HIPAA compliance significantly narrows the tool options available to telehealth marketers. Standard analytics platforms like Google Analytics and the Meta Pixel cannot be used on authenticated pages or in contexts where protected health information could be transmitted, because these vendors will not sign Business Associate Agreements. U.S. healthcare organizations paid over $100 million in HIPAA fines between 2023 and 2025 for pixel-tracking violations, with individual penalties reaching up to $2.1 million for willful neglect. Compliant alternatives, including Piwik PRO, Adobe Customer Journey Analytics, and Freshpaint, are available and offer BAAs, as well as healthcare-specific security features. Server-side tracking and call tracking with campaign-specific phone numbers provide attribution data without PHI exposure.
How long does it take to see results from a telehealth marketing strategy?
Timeline varies by channel.
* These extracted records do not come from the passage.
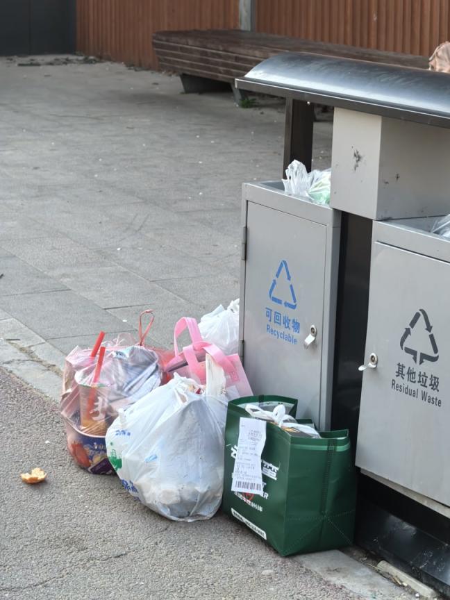 只见一位旅客手里拎着两大袋饱读饱读囊囊的垃圾,试着将垃圾袋从短促的投放口往里塞,可袋子一角刚塞进去,另一角就被卡住,用劲按压也没法皆备塞进桶内。尝试几次都没能成效,她只有将垃圾袋拿出来,放在桶边的大地上。
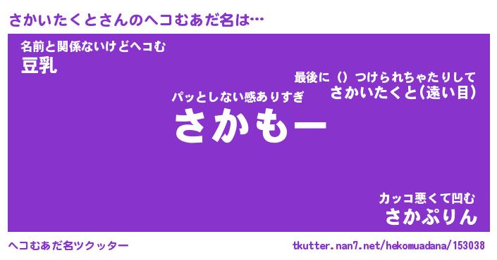 | ヒーロー風カッコイイあだ名 | 『スーパーサカイタクト』『天弓騎士サカ』 |
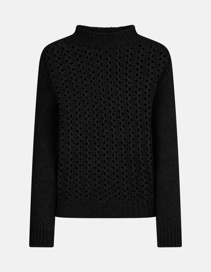 Langärmeliger Pullover in normaler Passform mit Trichterkragen, Lochmuster vorne und Rücken und Ärmel in Glattstrick. Muster. Dondup-Logo. Made in Italy
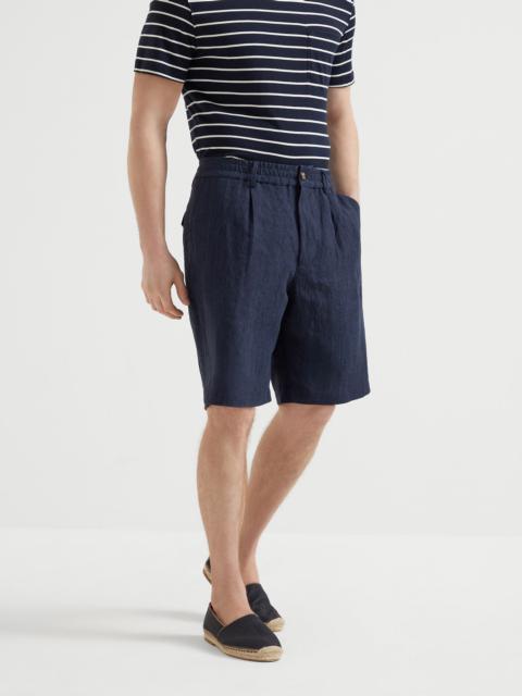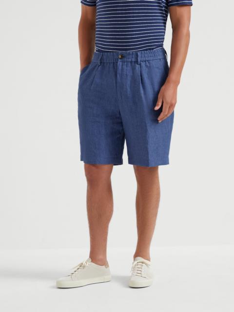 Lightweight délavé linen Bermuda shorts with elasticated waistband
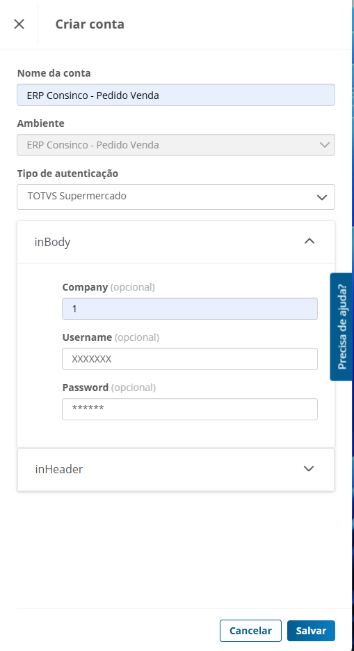 Vá novamente no combo de seleção do ambiente e selecione o que acabou de cadastrar ERP Consinco - Pedido Venda na sequência vá até combo de Conta e clique sobre o botão Cadastrar conta, preencha com os seguintes dados:

Paid search campaigns can generate patient volume within days of launch, but performance requires ongoing optimization, bid management, creative testing, and landing page iteration to remain efficient as competition increases. SEO and content infrastructure typically takes four to six months to generate meaningful organic traffic, with significant compounding growth after the first year as domain authority builds and content ranks across an expanding set of condition-specific and state-specific queries. Most telehealth platforms see initial traffic improvements within 8 to 12 weeks, with significant patient acquisition results appearing within 4 to 6 months of consistent implementation. The providers who see the strongest long-term results invest in both channels simultaneously, using paid search to drive near-term volume while organic infrastructure builds into a lower-cost, compounding patient acquisition channel over time.